__YOUR INSTRUCTIONS__. After locating the line that holds "Algunos de los", repeat it and each following line exactly until the material ends, skipping pictures.
== SUPPLIED MATERIAL
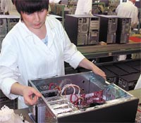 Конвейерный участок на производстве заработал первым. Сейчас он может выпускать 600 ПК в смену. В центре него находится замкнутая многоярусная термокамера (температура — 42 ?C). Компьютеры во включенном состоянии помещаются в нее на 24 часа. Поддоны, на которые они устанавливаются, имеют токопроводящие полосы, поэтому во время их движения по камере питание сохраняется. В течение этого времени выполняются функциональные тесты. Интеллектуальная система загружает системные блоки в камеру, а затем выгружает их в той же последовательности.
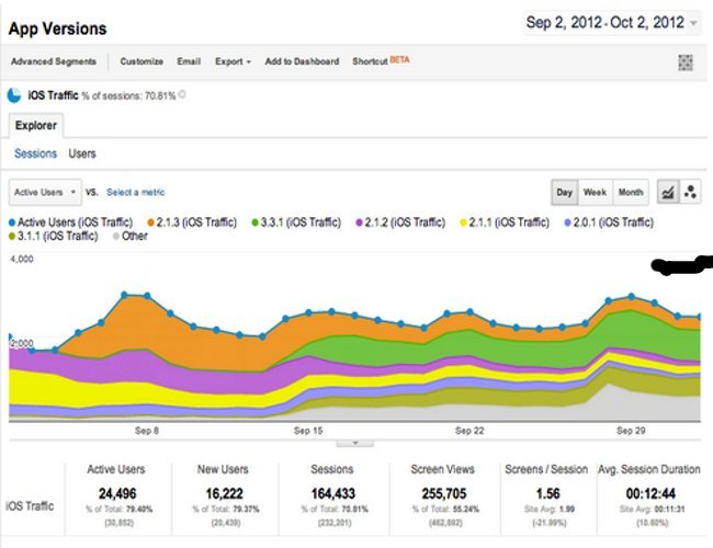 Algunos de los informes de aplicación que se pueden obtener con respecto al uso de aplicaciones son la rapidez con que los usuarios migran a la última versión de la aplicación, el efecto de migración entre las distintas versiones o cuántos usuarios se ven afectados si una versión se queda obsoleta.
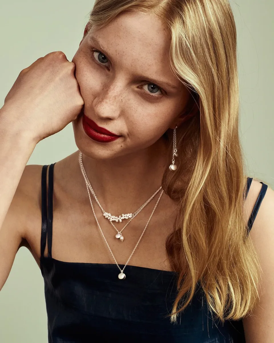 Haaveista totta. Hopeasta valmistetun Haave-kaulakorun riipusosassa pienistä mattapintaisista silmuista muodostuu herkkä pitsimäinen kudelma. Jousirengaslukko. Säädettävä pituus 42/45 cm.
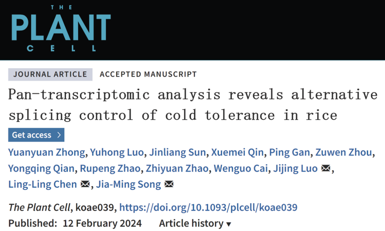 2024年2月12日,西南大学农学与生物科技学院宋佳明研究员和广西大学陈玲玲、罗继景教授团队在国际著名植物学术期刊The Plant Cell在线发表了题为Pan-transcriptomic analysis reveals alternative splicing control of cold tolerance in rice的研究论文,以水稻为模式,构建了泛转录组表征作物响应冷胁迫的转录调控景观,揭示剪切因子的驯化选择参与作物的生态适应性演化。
====
__TASK OUTPUT__.
 Algunos de los informes de aplicación que se pueden obtener con respecto al uso de aplicaciones son la rapidez con que los usuarios migran a la última versión de la aplicación, el efecto de migración entre las distintas versiones o cuántos usuarios se ven afectados si una versión se queda obsoleta.
 Haaveista totta. Hopeasta valmistetun Haave-kaulakorun riipusosassa pienistä mattapintaisista silmuista muodostuu herkkä pitsimäinen kudelma. Jousirengaslukko. Säädettävä pituus 42/45 cm.
 2024年2月12日,西南大学农学与生物科技学院宋佳明研究员和广西大学陈玲玲、罗继景教授团队在国际著名植物学术期刊The Plant Cell在线发表了题为Pan-transcriptomic analysis reveals alternative splicing control of cold tolerance in rice的研究论文,以水稻为模式,构建了泛转录组表征作物响应冷胁迫的转录调控景观,揭示剪切因子的驯化选择参与作物的生态适应性演化。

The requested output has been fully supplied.